Oh, I also forgot to include the fact that this is a Replicate
volume. That's kind of a critical feature, if I want to use
dangerous RAID configurations like RAID0.
Hi everyone!
We have a gluster array of three servers supporting a large
mail server with about 10,000 e-mail accounts with the Maildir
file format. This means lots of random small file reads and
writes. Gluster's performance hasn't been great since we
switched to it from a local disk on a single server, but we're
aiming for high availability here, since simply restoring that
mail from backups (or even backing it up in the first place)
takes a day or two. Clearly, some kind of network drive is what
we need, and Gluster does the job better than every other
solution we've looked at so far.
The problem comes from the fact that when I set out on this
project, I'd never done any kind of performance tuning before.

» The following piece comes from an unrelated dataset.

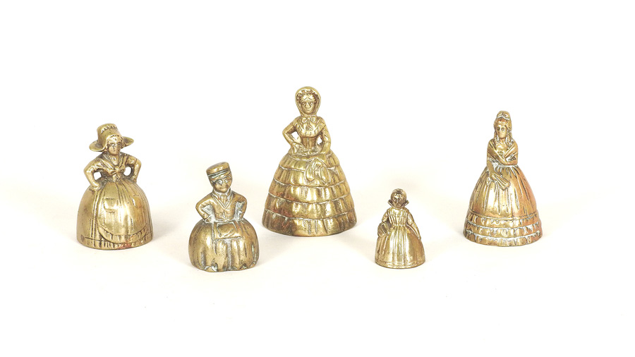 CINQUE BAMBOLE CAMPANELLO IN OTTONE Inghilterra, fine del XIX secolo di cui...

We didn't need it. All three of our Gluster servers are set up
in a RAID5 array with a hot spare. I'm starting to think that
the performance woes we have all stem from this fact, and
speaking to one of my colleagues, it was suggested that Gluster
can handle the data integrity just fine on its own, so why don't
we just switch to the fastest possible type, RAID0 and
completely toss out any data integrity on each individual node
in the cluster?
While this sounds good in theory, I'd like to know how well
this works in practice before subjecting our 10,000 e-mail
clients to this experiment. The other possibility is to switch
our Gluster nodes to RAID1 or 10, which might be faster than
RAID5 while still keeping some semblance of data integrity.